The approach to connect the eGPU appears to vary based on computer with MacBook Pros seemingly being more reliable than iMac. To start the process, try this approach.
Log out of the computer but do not restart (Apple - Log out). Once you are presented the log on fields, connect the eGPU to the computer. If all goes well, you should see and hear the eGPU / GPU come to life (indicator lights and fan noises). In prior eGPU releases, you would wait for the screen to flash indicating the drivers had flipped to the external GPU. Give the computer about 30 seconds and then log into the computer.
You should be able to open System Preferences (Apple - System Preferences) and then click on the CUDA app. The app should report a GPU being found. Now using the left arrow to return back to the main System Preferences panel. Then, click on the NVIDIA Device Manager app. This should report the Titan Xp GPU under a few tabs.
If you see the GPU in both places, try to rerun the deviceQuery app that was compiled above. If this run, your eGPU is now fully configured and the next steps are to update the Python installation and obtained (compile) a TensorFlow wheel with GPU support for the MacOS. It is worth noting, as will be shown, that everything needs to be synchronized with versions for Python, CUDA and OS. Compiling from the source helps with this. Downloading wheels off the internet will inevitably not work until you realize you have to be selective with what you find.
Example of a step-by-step Compilation: https://gist.github.com/orpcam/73b208271856fa2ae7efc00a8768bd7c#gistcomment-2397350
If you have followed the above plan and utilized CUDA 9.1 and Python 3.6.4, you should be able to download the TF 1.5 wheel in this repository and install it to your system. In my experience, using pre-built wheels may or may not work. Your experience may vary.
sudo -H pip install tensorflow{push tab to autocomplete full file name}
sudo -H pip install keras
Take note to see if there are any packages that are required that are not installed. For example, you may need to run the following
sudo -H pip install msgpack
TensorFlow specific builds and configurations are posted. These are a work in progress. There are few dedicated pages in this repository that give some guidance on building TF from sources. We would welcome additional contributions to help expedite the compilation of the new versions of TF.
To get started with exploring the use of the GPU, consider the pre-written R programs available here: https://keras.rstudio.com/articles/examples/index.html
The MNIST_cnn (https://keras.rstudio.com/articles/examples/mnist_cnn.html) is a good program to start as it will run reasonably quickly without a GPU so you can realistically compare the "before" and "after" effect.

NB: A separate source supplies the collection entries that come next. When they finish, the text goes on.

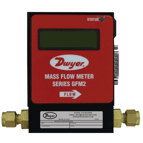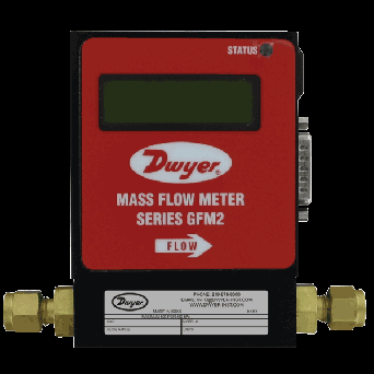 Medidor de flujo másico de gas serie GFM2 - ± 1% FS, relés programables. El medidor de flujo másico de gas es ideal para medir tasas de flujo en una variedad de gases. Dos salidas de relé y totalizador programable que indica la cantidad total de gas.
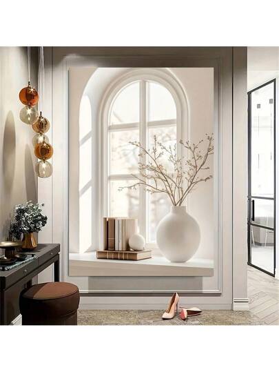 1pc Modern Floral Vase Art Canvas Poster - Unframed White Wall Decor For Living Room And Bedroom, Peaceful Window View Design With Spring/Winter Theme, Lovely Room Decoration Gifts Birthday Graduation - Multicolor - View 8
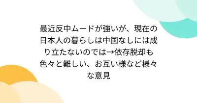 最近反中ムードが強いが、現在の日本人の暮らしは中国なしには成り立たないのでは→依存脱却も色々と難しい、お互い様など様々な意見
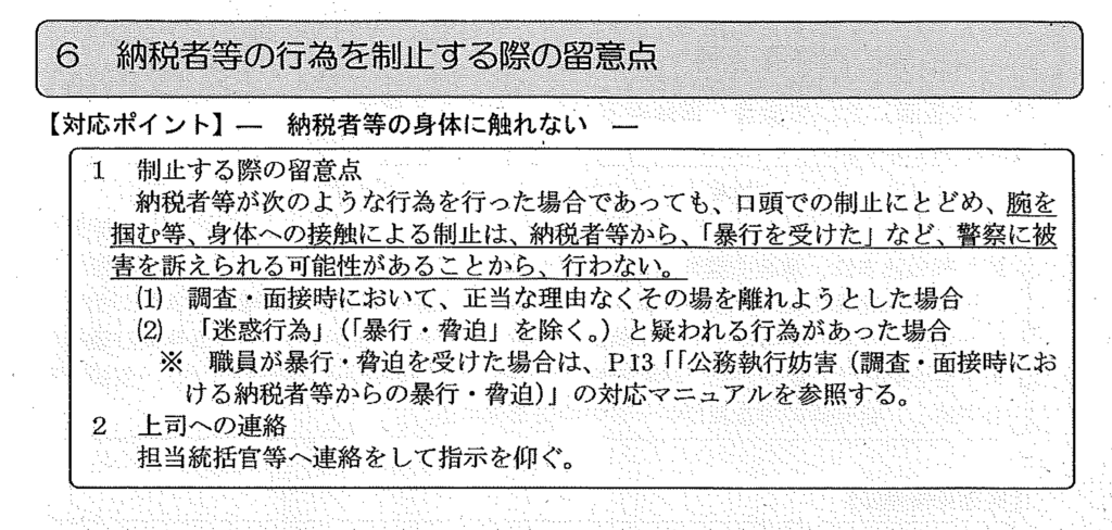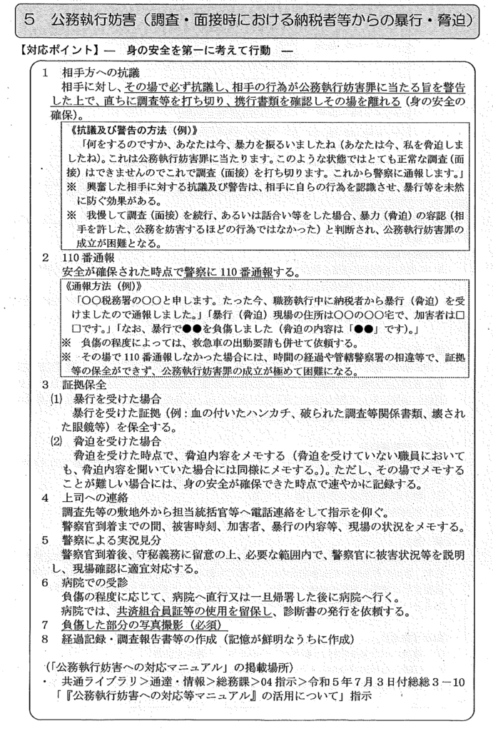 記事の最後に、国税庁「『公務執行妨害への対応等マニュアル』の活用について(指示)」も添付しあります。
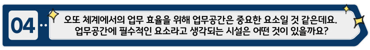 SK건설에서는 다양한 사람들이 협력하기 때문에 다양한 의견이나 생각을 듣는 것이 중요한데요, 그러기 위해서는 편안한 의사소통이 필요합니다. 이를 위해 시어터 오또의 사무실에는 칸막이가 없다는 특징이 있습니다.

Some benchmarks of this program (times are after data has been download): iMac late 2015, 3.2 GHz i5 processor, 32GB of 1867 DDR3 RAM CPU only: 11.74 minutes With Titan Xp: 57.8 seconds (thunderbolt 2 connectivity to GPU enclosure)
iMac Pro 2017, 3.2 GHz Intel Xeon W (8 Core chip), 64 GB of 2666 DDR4 RAM CPU only: 10.91 minutes With Titan Xp: 54.6 seconds
The iMac Pro on this case was only about 6% faster than the older iMac. The GPU reduced the computing time by approximately 93%! Basically, you need a GPU for deep learning.